INSTRUCTIONS TO FOLLOW: The lines to print run from the top of the material below to the line with "Jaquline USA Rose", inclusive; please copy them exactly, without pictures.

SOURCE MATERIAL:
=== Begin Enclosure ===

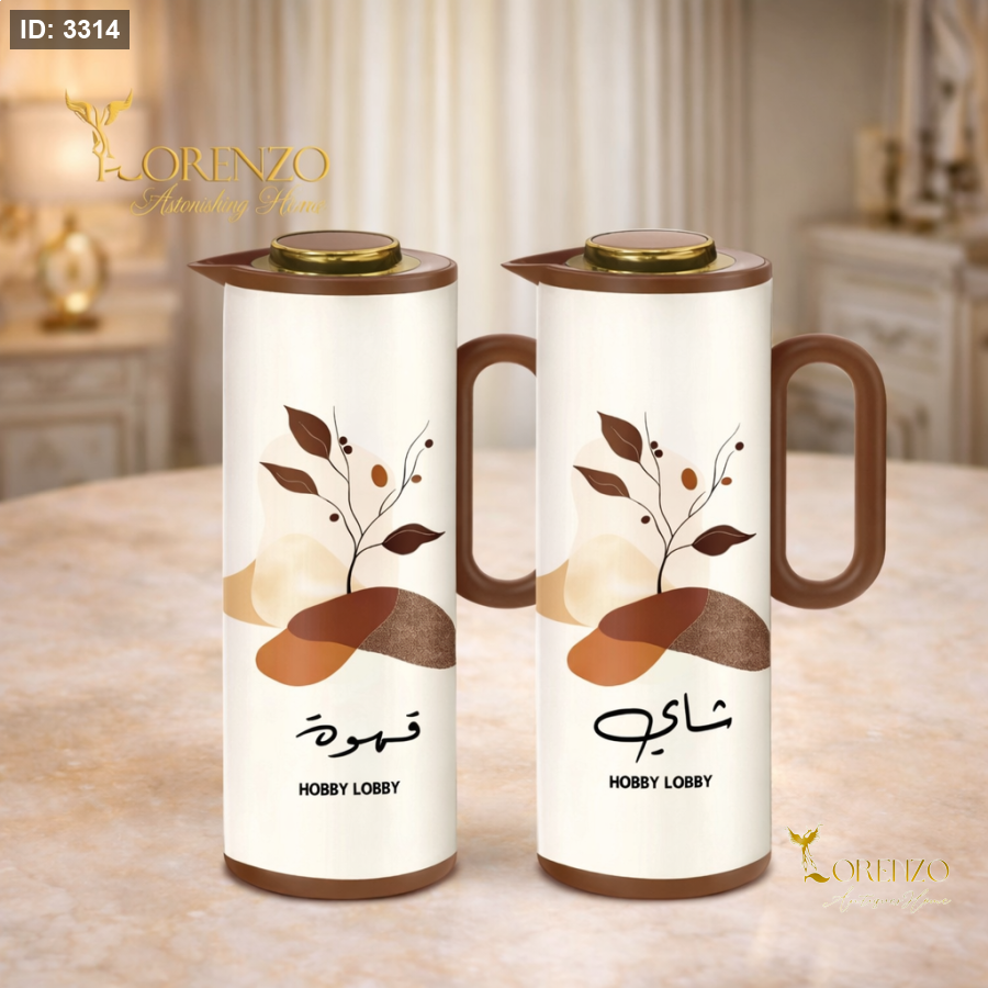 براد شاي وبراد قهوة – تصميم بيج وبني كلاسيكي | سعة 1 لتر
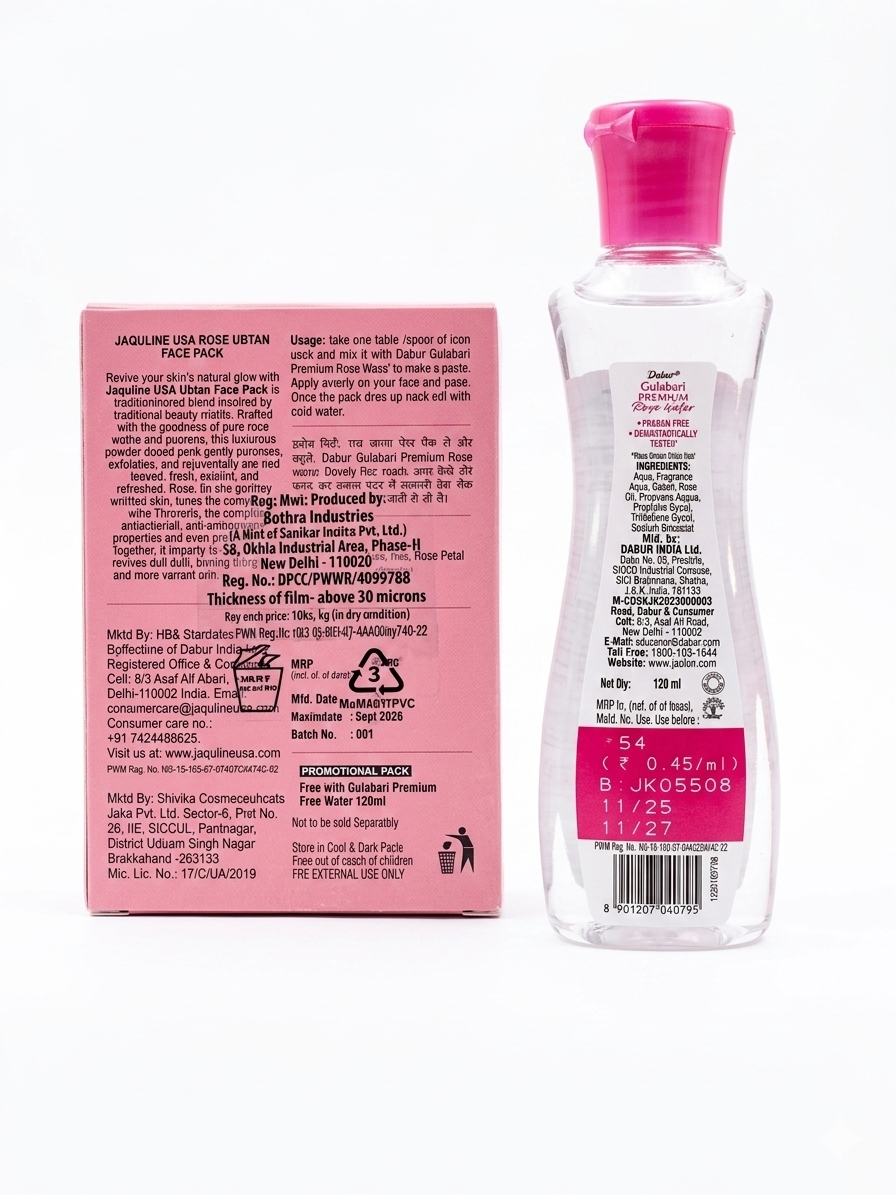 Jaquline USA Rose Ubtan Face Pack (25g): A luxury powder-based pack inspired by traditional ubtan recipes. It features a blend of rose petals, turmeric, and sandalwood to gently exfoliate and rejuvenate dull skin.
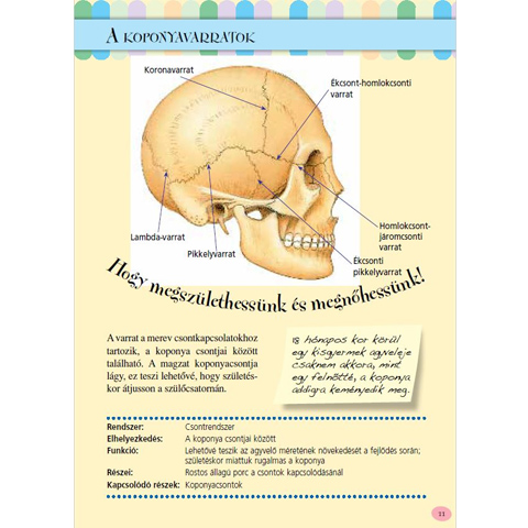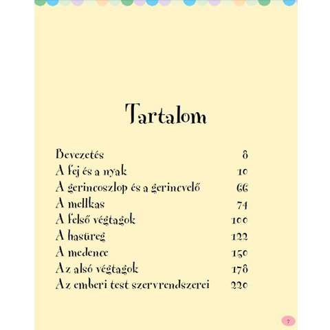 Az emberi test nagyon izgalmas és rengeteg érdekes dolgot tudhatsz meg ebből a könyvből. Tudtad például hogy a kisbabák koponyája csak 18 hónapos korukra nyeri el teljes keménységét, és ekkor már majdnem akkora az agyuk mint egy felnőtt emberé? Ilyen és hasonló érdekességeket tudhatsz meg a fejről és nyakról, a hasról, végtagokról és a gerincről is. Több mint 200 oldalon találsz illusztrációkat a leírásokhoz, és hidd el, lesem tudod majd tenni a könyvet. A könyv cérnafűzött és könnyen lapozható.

=== End Enclosure ===

ANSWER BOX:
 براد شاي وبراد قهوة – تصميم بيج وبني كلاسيكي | سعة 1 لتر
 Jaquline USA Rose Ubtan Face Pack (25g): A luxury powder-based pack inspired by traditional ubtan recipes. It features a blend of rose petals, turmeric, and sandalwood to gently exfoliate and rejuvenate dull skin.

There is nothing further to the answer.